── Entries provided ──

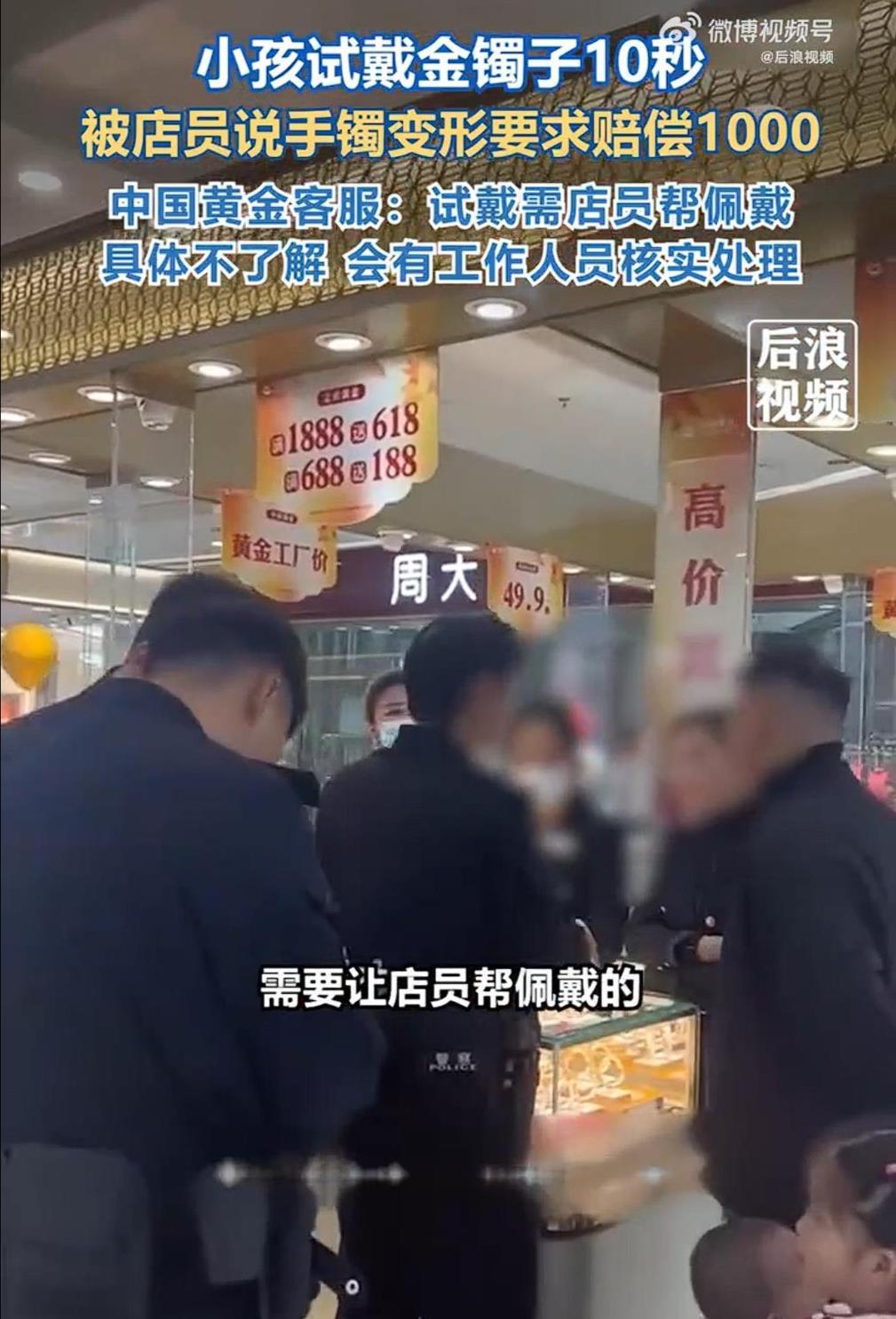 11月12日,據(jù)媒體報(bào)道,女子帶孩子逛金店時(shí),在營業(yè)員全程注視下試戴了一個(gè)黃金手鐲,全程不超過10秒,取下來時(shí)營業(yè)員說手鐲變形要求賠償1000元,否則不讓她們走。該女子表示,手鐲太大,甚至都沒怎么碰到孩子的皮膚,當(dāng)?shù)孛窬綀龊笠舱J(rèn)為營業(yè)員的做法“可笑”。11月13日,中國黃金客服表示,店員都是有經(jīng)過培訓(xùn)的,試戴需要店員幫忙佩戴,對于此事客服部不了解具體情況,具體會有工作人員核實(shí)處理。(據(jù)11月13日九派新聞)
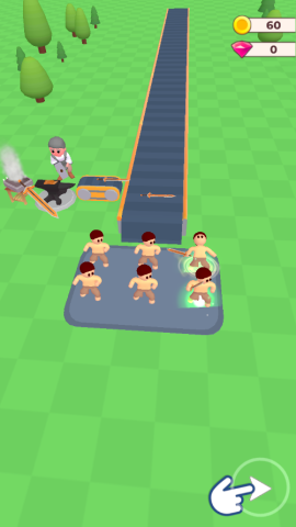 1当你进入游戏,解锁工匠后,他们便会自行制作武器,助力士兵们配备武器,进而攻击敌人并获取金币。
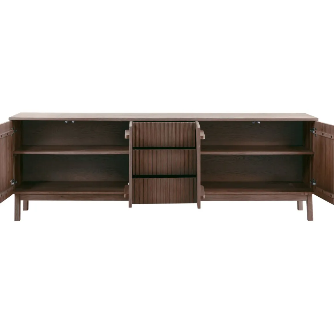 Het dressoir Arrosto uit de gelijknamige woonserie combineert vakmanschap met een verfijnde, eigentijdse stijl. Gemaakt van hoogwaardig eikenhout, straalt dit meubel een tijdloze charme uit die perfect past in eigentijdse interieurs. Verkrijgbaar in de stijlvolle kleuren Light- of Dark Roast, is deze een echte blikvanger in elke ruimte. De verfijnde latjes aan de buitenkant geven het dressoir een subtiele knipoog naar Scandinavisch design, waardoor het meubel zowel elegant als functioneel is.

───
── Entries provided ──

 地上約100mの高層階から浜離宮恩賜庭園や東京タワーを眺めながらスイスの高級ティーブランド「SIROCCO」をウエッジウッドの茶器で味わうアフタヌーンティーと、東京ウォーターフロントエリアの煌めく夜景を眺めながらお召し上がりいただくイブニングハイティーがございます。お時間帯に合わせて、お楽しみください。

───

Your goal: Nothing but the lines from the one with "11月12日,據(jù)媒體" to the one with "Het dressoir Arrosto" above, both included, should be transcribed, exactly and without pictures.

Solution to the exercise:
 11月12日,據(jù)媒體報(bào)道,女子帶孩子逛金店時(shí),在營業(yè)員全程注視下試戴了一個(gè)黃金手鐲,全程不超過10秒,取下來時(shí)營業(yè)員說手鐲變形要求賠償1000元,否則不讓她們走。該女子表示,手鐲太大,甚至都沒怎么碰到孩子的皮膚,當(dāng)?shù)孛窬綀龊笠舱J(rèn)為營業(yè)員的做法“可笑”。11月13日,中國黃金客服表示,店員都是有經(jīng)過培訓(xùn)的,試戴需要店員幫忙佩戴,對于此事客服部不了解具體情況,具體會有工作人員核實(shí)處理。(據(jù)11月13日九派新聞)
 1当你进入游戏,解锁工匠后,他们便会自行制作武器,助力士兵们配备武器,进而攻击敌人并获取金币。
 Het dressoir Arrosto uit de gelijknamige woonserie combineert vakmanschap met een verfijnde, eigentijdse stijl. Gemaakt van hoogwaardig eikenhout, straalt dit meubel een tijdloze charme uit die perfect past in eigentijdse interieurs. Verkrijgbaar in de stijlvolle kleuren Light- of Dark Roast, is deze een echte blikvanger in elke ruimte. De verfijnde latjes aan de buitenkant geven het dressoir een subtiele knipoog naar Scandinavisch design, waardoor het meubel zowel elegant als functioneel is.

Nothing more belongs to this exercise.